Am kommenden Tag musste ich direkt nach dem Aufstehen zum Bahnhof aufbrechen. Ich ließ mir so viel Zeit, dass ich ohnehin schon spät dran war – und dann stieg ich auch noch in den falschen Bus ein, der statt zum Bahnhof raus aus der Stadt fuhr. Zum Glück bemerkte ich meinen Fehler sehr schnell, sodass ich aussteigen und in den richtigen Bus steigen konnte. Erleichtert wollte ich mich schon im Sitz zurücklehnen, als der Fahrer plötzlich anhielt und grundlos ausstieg. Mit jeder Minute, die verging, wuchs meine Panik. Wenig später kehrte der Mann mit einem Snack in der Hand zurück und fuhr zum Bahnhof.
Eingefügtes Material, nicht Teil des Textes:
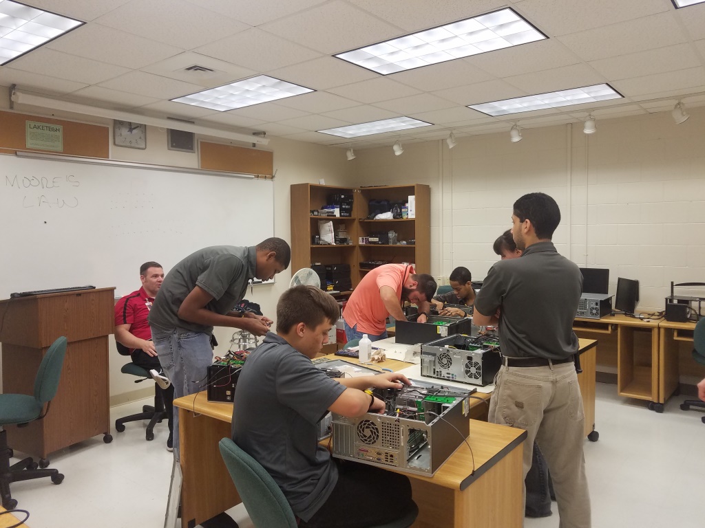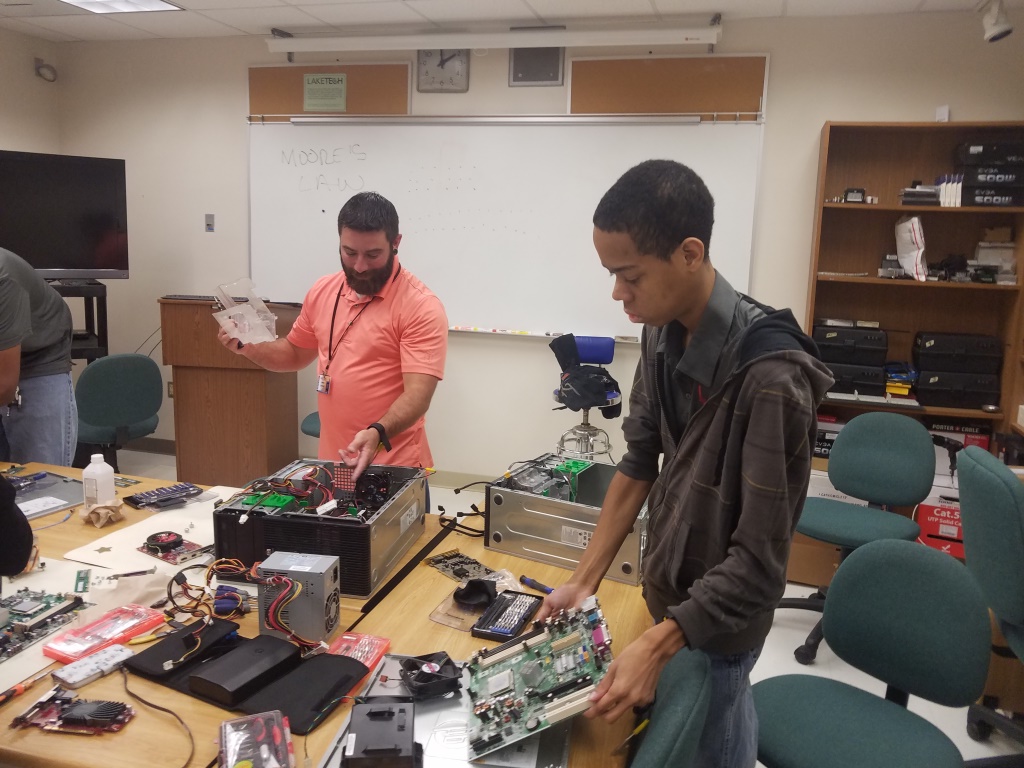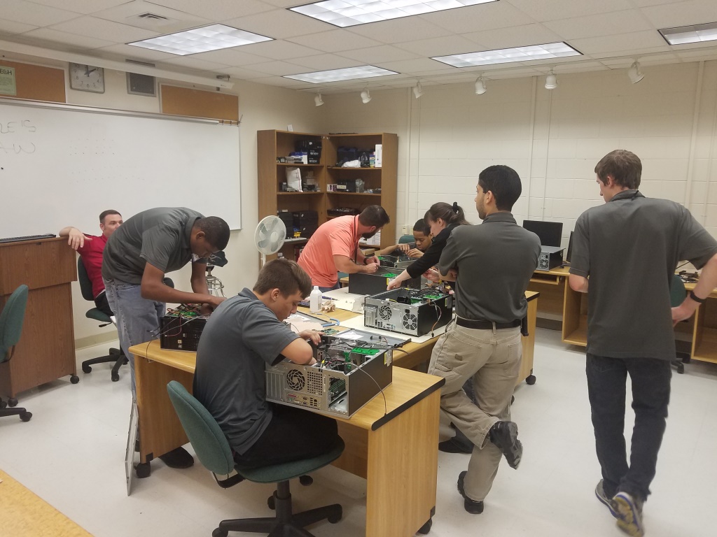 The advanced students mentor the new students and take pride in their work. Students are mentored by advanced students. These students have earned their CompTIA A+ certified technician industry certification.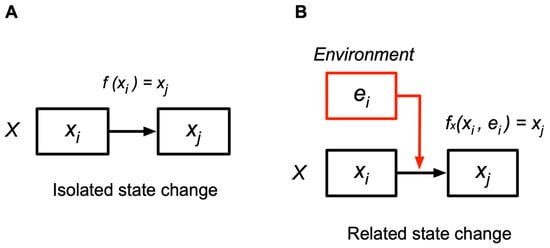 (A) Isolated state change refers to a change that occurs independently of the environment. (B) Related state change refers to a change that occurs depending on the environment, called cognition.

Ich raste zum Gleis und schaffte es tatsächlich, mich drei Minuten vor Abfahrt in den Sitz fallen zu lassen. Umso entspannter war dann die Fahrt: Bis nach Bukarest dauerte es neun Stunden, die ich zum Schlafen und Schreiben nutze. Abends kam ich in der Hauptstadt an und ging – nach einem letzten Covrig – direkt zum Flughafen. Mein Flug ging zwar erst am nächsten Morgen, allerdings schon um sechs Uhr früh, sodass sich eine Unterkunft zu buchen nicht gelohnt hätte. So schlug ich also die restlichen Stunden in Rumänien am Flughafen tot und ließ die Reise Revue passieren. Ich war mehr als glücklich, mich für dieses Land, seine wunderschönen Städte und atemberaubende Natur entschieden zu haben. Orte, an denen ich ein Teil meines Herzens zurückgelassen habe. Mit Menschen, die mir hoffentlich auf zukünftigen Abenteuern noch einmal begegnen werden.